## Stored data
──────────────────────────────

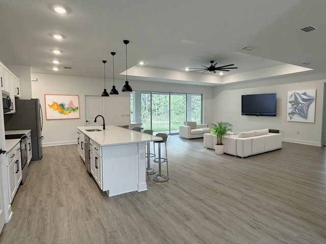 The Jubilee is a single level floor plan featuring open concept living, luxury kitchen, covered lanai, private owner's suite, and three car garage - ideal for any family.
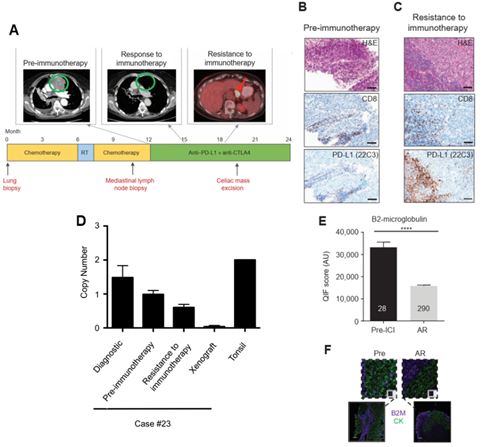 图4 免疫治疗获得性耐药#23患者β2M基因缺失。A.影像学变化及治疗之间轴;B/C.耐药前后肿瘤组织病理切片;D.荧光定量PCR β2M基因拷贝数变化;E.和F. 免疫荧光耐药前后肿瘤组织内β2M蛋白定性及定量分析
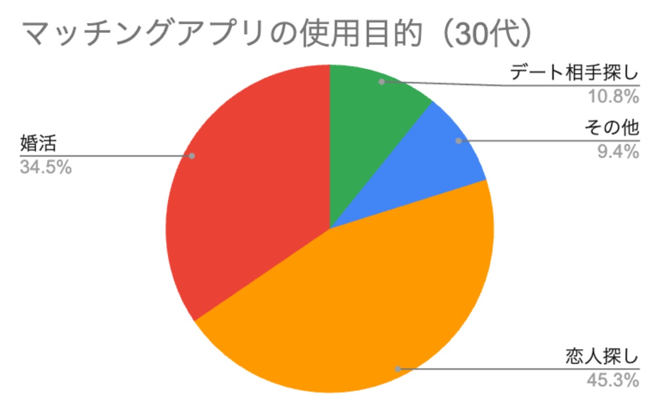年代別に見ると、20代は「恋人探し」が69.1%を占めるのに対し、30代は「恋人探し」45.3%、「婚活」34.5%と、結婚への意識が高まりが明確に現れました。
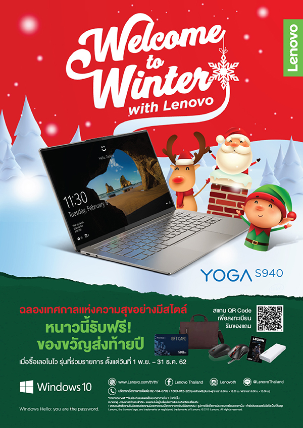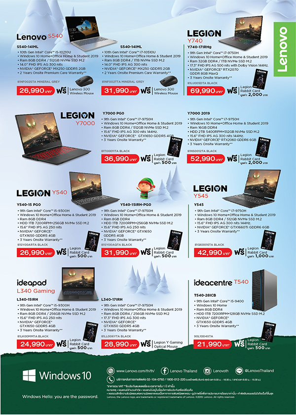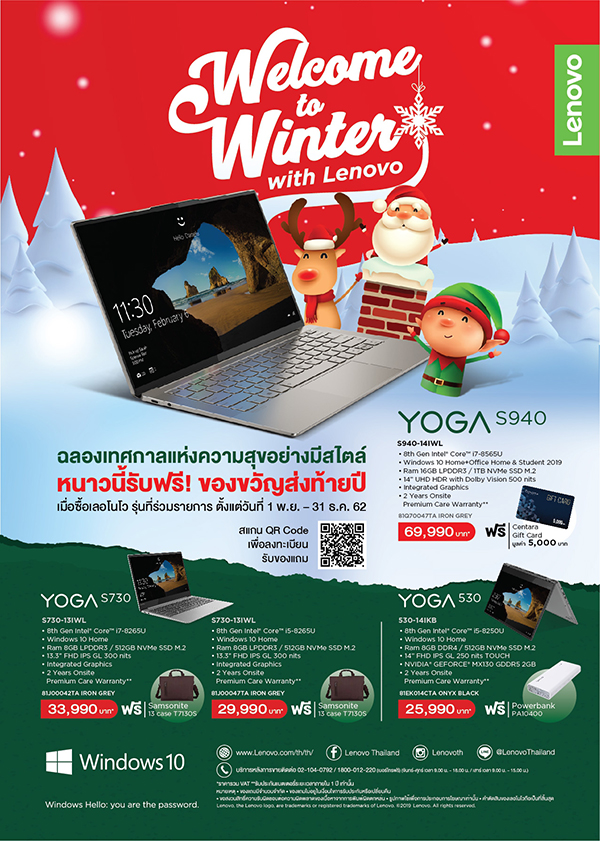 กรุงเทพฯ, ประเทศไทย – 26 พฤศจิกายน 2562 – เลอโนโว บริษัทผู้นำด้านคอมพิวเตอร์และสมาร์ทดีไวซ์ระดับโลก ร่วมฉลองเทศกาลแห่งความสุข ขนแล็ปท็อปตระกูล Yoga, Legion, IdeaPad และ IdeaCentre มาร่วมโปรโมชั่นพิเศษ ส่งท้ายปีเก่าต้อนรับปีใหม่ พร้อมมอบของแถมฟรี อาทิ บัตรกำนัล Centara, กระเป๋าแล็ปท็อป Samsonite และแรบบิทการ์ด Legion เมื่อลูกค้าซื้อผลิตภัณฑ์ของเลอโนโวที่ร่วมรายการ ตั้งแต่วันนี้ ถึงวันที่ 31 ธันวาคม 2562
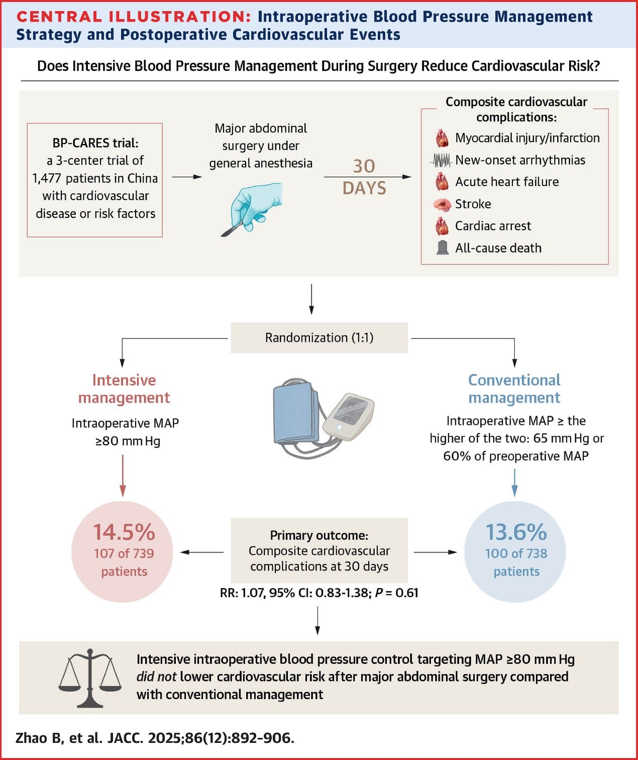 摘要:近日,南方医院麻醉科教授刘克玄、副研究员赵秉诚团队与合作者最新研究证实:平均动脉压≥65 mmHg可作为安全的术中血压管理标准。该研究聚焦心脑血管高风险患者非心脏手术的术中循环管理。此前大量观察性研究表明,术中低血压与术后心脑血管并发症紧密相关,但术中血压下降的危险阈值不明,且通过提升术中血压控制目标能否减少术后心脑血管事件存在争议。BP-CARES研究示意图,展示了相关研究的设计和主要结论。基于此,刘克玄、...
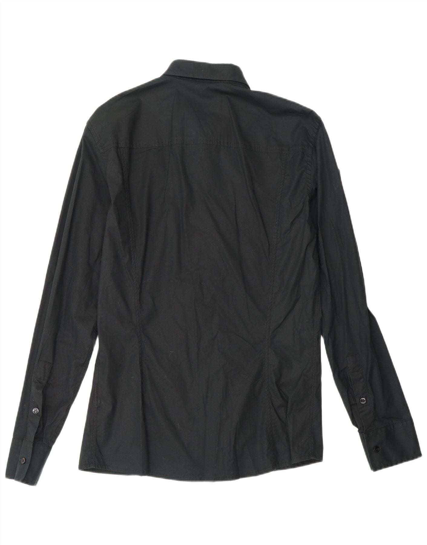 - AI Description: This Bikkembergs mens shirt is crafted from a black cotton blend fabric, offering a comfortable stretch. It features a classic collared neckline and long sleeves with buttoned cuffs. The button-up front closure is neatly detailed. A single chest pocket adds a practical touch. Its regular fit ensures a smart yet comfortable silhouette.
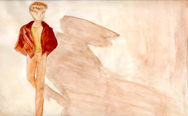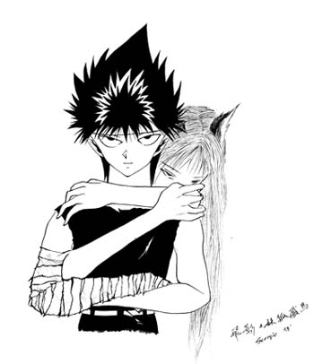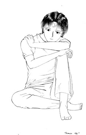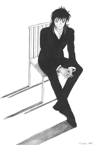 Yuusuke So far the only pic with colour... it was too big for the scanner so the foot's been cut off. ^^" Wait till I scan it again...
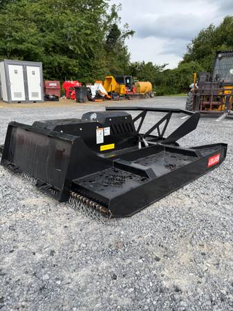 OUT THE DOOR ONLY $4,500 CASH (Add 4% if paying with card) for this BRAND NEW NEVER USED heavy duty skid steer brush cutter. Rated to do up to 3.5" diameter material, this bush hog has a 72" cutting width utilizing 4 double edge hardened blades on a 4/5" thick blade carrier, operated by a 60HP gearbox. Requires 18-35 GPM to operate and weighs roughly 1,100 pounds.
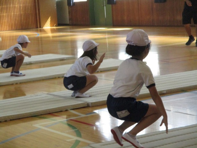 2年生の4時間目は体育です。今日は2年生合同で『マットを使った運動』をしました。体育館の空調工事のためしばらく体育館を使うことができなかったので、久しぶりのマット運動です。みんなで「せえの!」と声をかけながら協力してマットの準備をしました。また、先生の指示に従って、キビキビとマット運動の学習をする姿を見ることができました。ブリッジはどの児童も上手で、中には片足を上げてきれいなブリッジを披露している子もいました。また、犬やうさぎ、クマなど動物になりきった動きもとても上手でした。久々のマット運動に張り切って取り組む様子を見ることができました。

──────────────────────────────

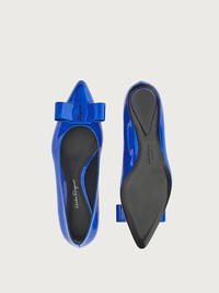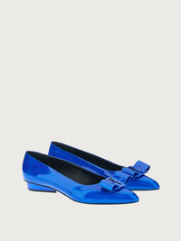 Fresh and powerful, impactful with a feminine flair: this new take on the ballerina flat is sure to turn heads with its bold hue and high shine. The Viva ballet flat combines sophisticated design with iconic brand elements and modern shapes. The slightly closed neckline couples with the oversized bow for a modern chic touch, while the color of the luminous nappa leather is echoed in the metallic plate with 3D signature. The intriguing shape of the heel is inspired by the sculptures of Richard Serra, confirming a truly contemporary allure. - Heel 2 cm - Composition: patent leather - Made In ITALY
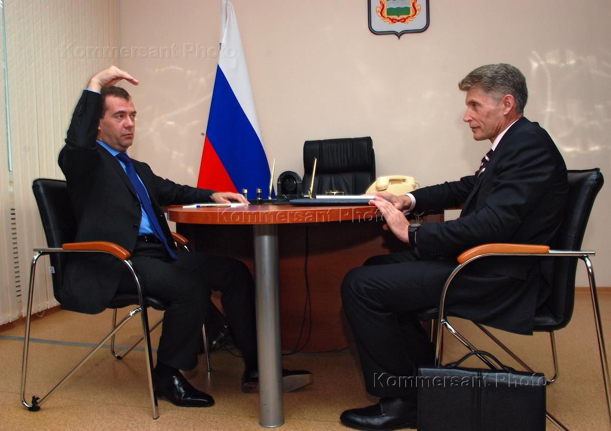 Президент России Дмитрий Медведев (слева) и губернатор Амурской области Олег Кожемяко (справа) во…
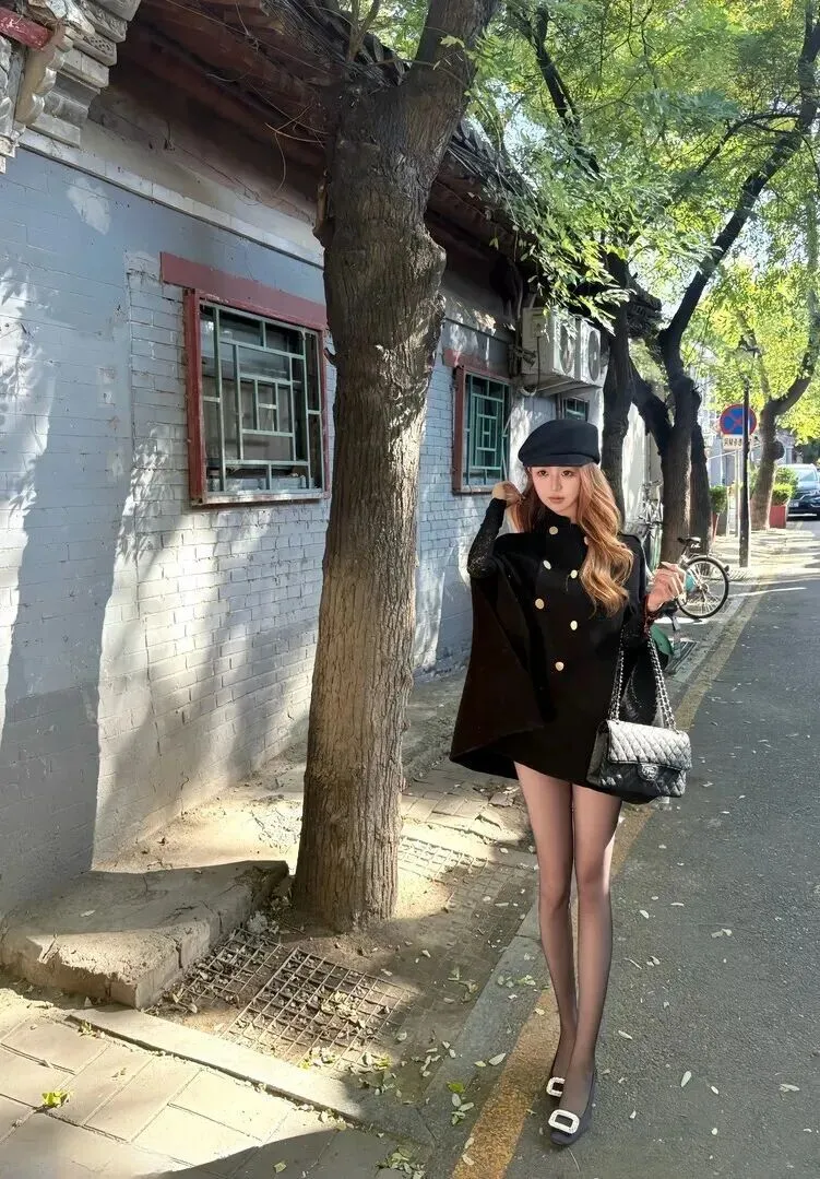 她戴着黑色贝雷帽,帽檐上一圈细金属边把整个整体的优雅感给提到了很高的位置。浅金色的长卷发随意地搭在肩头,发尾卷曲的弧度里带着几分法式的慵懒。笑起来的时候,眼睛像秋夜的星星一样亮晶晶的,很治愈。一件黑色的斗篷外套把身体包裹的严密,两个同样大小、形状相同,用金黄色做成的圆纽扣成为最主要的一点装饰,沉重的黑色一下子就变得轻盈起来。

──────────────────────────────

## Aim of the exercise
What should come back is an exact copy of the lines above from the line with "กรุงเทพฯ, ประเทศไทย –" to the line with "Yuusuke So far", both included, minus the pictures.

## Output of the exercise
 กรุงเทพฯ, ประเทศไทย – 26 พฤศจิกายน 2562 – เลอโนโว บริษัทผู้นำด้านคอมพิวเตอร์และสมาร์ทดีไวซ์ระดับโลก ร่วมฉลองเทศกาลแห่งความสุข ขนแล็ปท็อปตระกูล Yoga, Legion, IdeaPad และ IdeaCentre มาร่วมโปรโมชั่นพิเศษ ส่งท้ายปีเก่าต้อนรับปีใหม่ พร้อมมอบของแถมฟรี อาทิ บัตรกำนัล Centara, กระเป๋าแล็ปท็อป Samsonite และแรบบิทการ์ด Legion เมื่อลูกค้าซื้อผลิตภัณฑ์ของเลอโนโวที่ร่วมรายการ ตั้งแต่วันนี้ ถึงวันที่ 31 ธันวาคม 2562
 摘要:近日,南方医院麻醉科教授刘克玄、副研究员赵秉诚团队与合作者最新研究证实:平均动脉压≥65 mmHg可作为安全的术中血压管理标准。该研究聚焦心脑血管高风险患者非心脏手术的术中循环管理。此前大量观察性研究表明,术中低血压与术后心脑血管并发症紧密相关,但术中血压下降的危险阈值不明,且通过提升术中血压控制目标能否减少术后心脑血管事件存在争议。BP-CARES研究示意图,展示了相关研究的设计和主要结论。基于此,刘克玄、...
 - AI Description: This Bikkembergs mens shirt is crafted from a black cotton blend fabric, offering a comfortable stretch. It features a classic collared neckline and long sleeves with buttoned cuffs. The button-up front closure is neatly detailed. A single chest pocket adds a practical touch. Its regular fit ensures a smart yet comfortable silhouette.
 Yuusuke So far the only pic with colour... it was too big for the scanner so the foot's been cut off. ^^" Wait till I scan it again...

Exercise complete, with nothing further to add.